Requirement
When you reach the line with "레벨 기반 게임 맵 디자인, 강" in the records below, begin transcribing exactly and continue up to and including the line with "11月19日,2024江西纺", leaving out every picture.

--------------------------------------------------

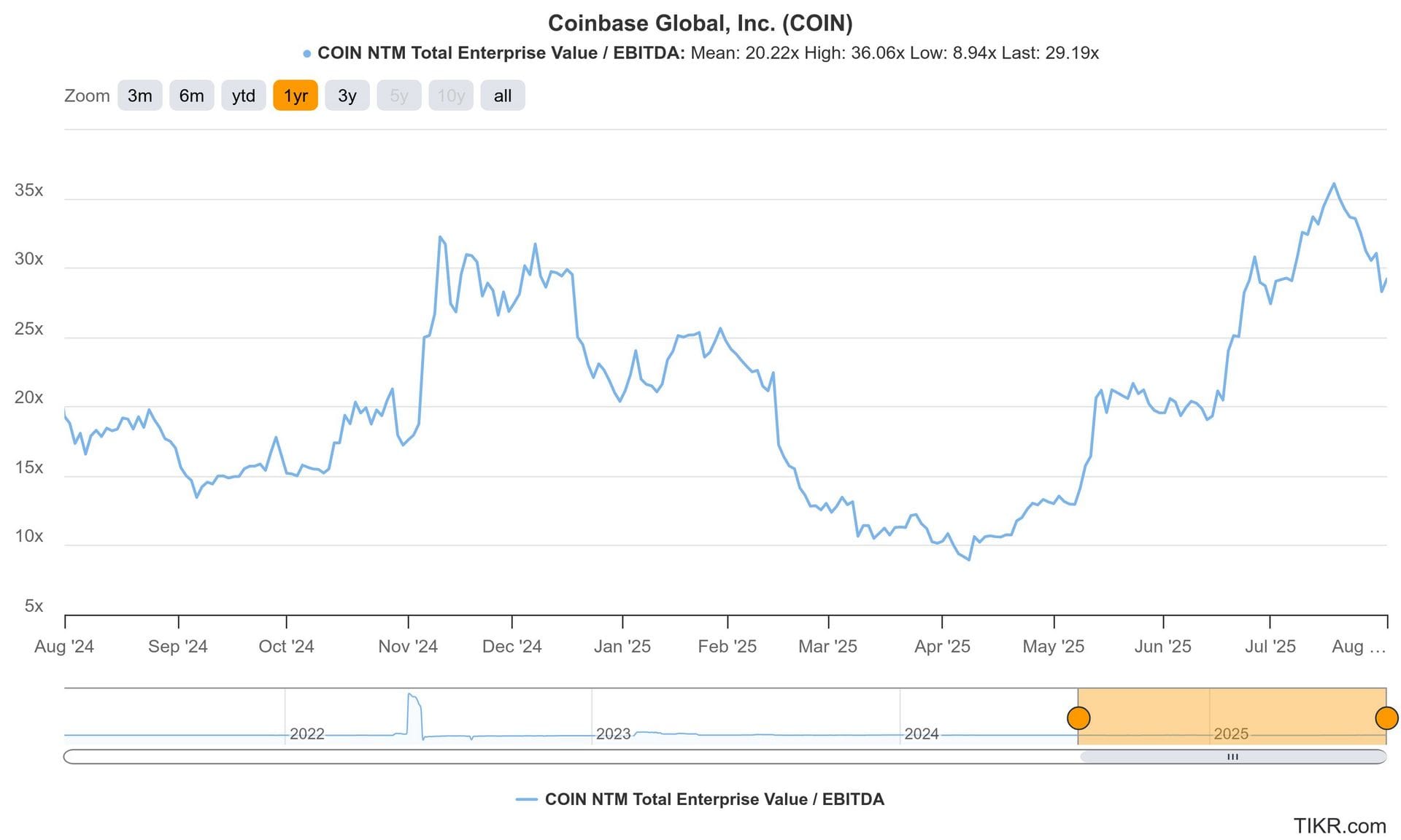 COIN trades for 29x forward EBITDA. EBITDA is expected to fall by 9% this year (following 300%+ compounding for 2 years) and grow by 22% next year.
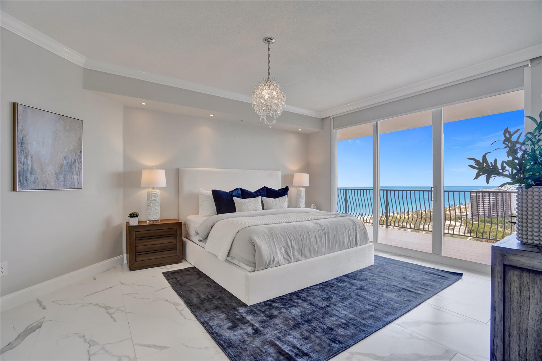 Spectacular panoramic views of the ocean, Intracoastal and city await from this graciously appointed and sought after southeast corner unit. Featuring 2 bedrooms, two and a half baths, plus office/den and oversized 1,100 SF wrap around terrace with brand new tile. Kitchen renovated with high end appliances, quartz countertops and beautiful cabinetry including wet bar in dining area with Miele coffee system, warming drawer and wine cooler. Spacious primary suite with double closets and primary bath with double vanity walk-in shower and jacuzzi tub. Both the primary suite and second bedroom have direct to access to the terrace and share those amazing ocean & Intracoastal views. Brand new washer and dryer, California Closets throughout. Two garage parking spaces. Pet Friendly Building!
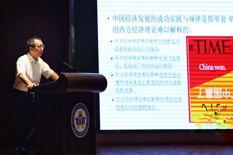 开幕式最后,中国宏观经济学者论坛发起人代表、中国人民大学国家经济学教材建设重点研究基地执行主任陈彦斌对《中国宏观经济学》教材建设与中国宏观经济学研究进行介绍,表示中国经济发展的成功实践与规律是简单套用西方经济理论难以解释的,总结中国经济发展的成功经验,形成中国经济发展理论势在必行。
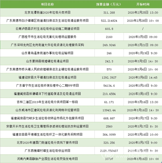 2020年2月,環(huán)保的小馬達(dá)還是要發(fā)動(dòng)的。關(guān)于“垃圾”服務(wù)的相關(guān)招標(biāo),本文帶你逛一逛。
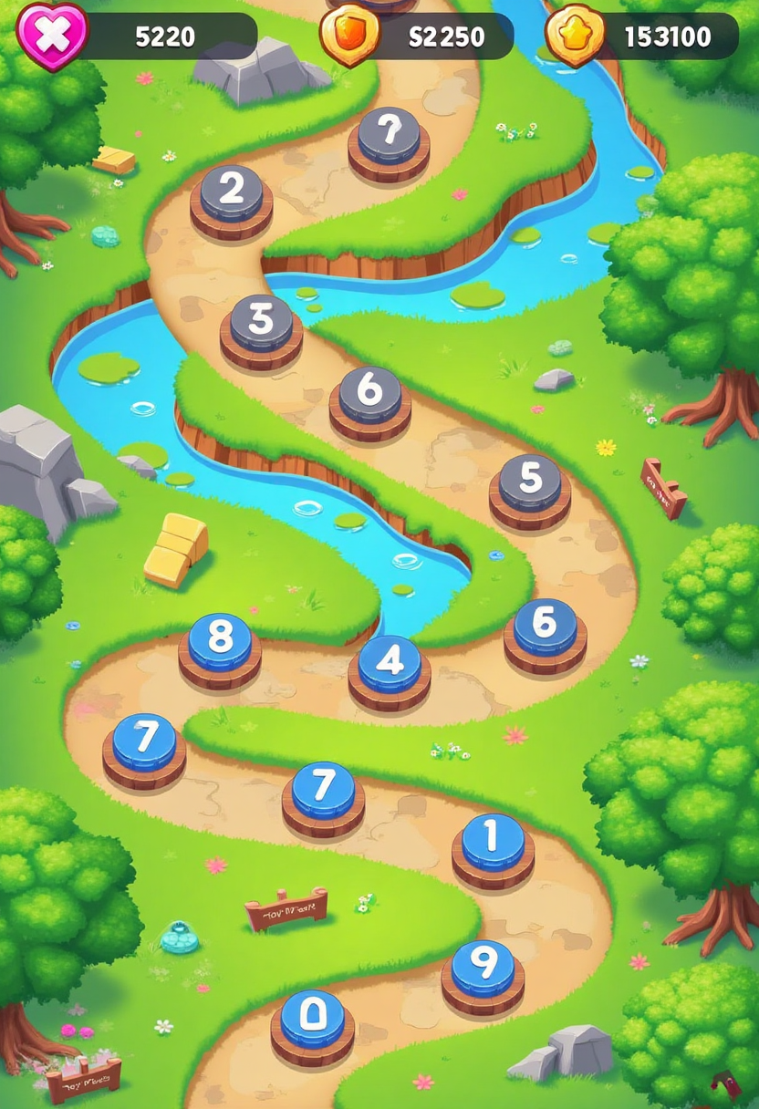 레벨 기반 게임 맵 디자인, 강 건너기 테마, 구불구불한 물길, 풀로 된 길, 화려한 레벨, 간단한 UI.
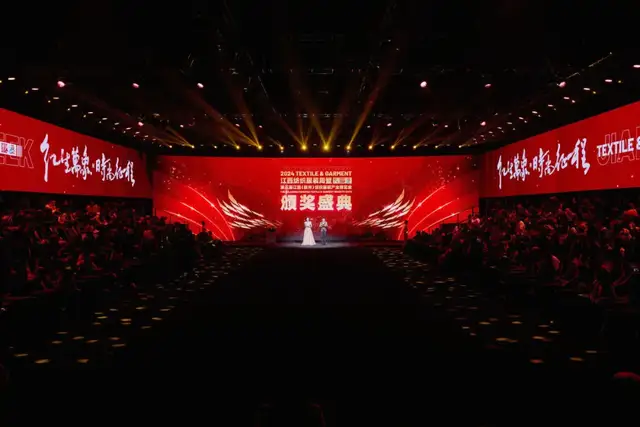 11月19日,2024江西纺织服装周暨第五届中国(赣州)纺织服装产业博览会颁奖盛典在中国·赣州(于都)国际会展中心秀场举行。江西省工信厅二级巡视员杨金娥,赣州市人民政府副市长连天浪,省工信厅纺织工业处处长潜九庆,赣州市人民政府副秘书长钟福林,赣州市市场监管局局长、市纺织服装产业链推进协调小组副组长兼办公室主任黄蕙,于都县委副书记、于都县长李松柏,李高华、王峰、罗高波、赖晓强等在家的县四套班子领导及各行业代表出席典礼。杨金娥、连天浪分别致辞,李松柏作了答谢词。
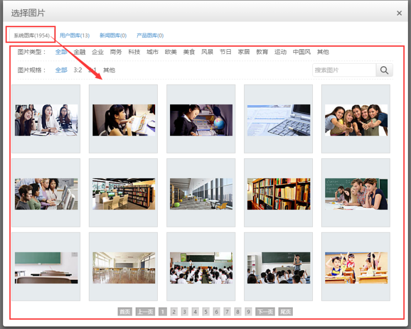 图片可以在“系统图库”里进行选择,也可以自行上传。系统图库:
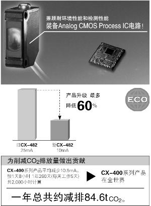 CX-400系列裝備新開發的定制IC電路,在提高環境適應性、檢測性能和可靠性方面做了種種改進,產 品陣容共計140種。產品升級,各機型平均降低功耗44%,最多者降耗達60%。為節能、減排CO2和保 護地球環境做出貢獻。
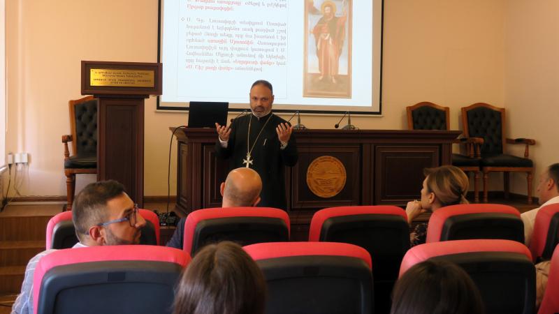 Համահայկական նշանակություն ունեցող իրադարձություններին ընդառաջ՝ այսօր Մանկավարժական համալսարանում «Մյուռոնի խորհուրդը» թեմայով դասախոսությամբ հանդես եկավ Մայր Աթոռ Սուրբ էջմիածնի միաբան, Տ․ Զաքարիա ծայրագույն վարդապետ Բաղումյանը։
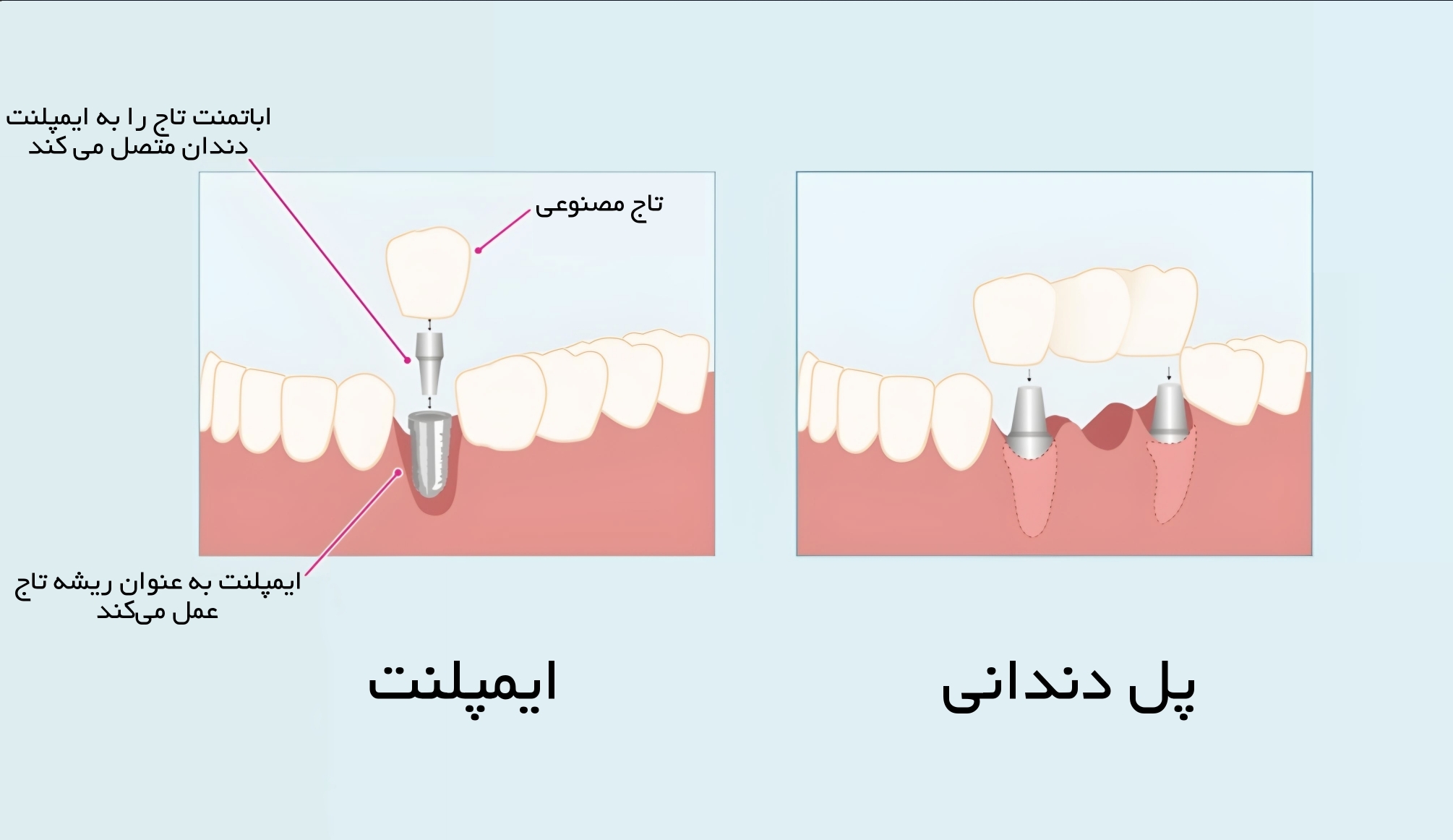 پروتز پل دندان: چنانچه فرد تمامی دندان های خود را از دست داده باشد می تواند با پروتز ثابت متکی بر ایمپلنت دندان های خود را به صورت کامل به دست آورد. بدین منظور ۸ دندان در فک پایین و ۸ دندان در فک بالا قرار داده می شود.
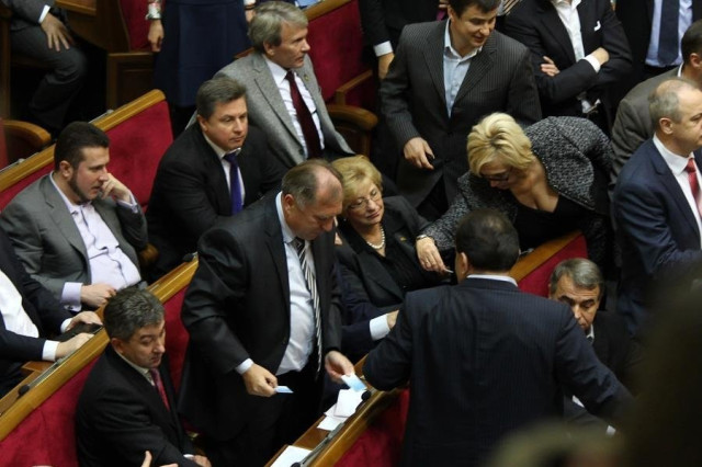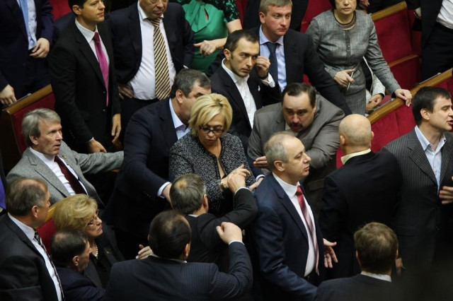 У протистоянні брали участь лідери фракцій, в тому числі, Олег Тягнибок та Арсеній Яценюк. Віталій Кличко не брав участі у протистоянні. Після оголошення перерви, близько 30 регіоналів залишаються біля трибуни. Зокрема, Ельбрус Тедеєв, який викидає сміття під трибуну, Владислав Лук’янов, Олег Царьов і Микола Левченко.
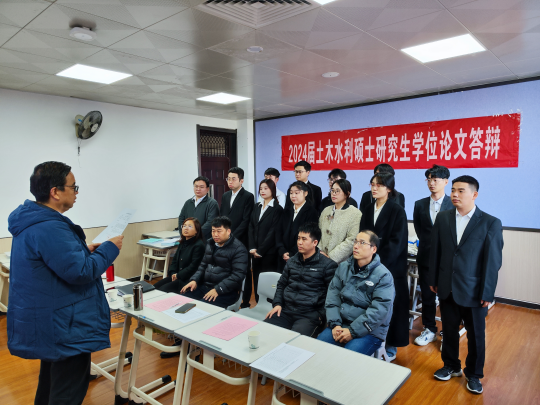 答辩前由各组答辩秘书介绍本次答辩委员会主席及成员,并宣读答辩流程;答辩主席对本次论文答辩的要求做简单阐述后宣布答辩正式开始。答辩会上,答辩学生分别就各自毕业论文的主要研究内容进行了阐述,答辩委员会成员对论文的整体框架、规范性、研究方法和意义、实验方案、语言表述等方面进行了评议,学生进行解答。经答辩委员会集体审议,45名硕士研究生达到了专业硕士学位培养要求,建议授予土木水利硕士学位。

--------------------------------------------------

Expected answer
 레벨 기반 게임 맵 디자인, 강 건너기 테마, 구불구불한 물길, 풀로 된 길, 화려한 레벨, 간단한 UI.
 11月19日,2024江西纺织服装周暨第五届中国(赣州)纺织服装产业博览会颁奖盛典在中国·赣州(于都)国际会展中心秀场举行。江西省工信厅二级巡视员杨金娥,赣州市人民政府副市长连天浪,省工信厅纺织工业处处长潜九庆,赣州市人民政府副秘书长钟福林,赣州市市场监管局局长、市纺织服装产业链推进协调小组副组长兼办公室主任黄蕙,于都县委副书记、于都县长李松柏,李高华、王峰、罗高波、赖晓强等在家的县四套班子领导及各行业代表出席典礼。杨金娥、连天浪分别致辞,李松柏作了答谢词。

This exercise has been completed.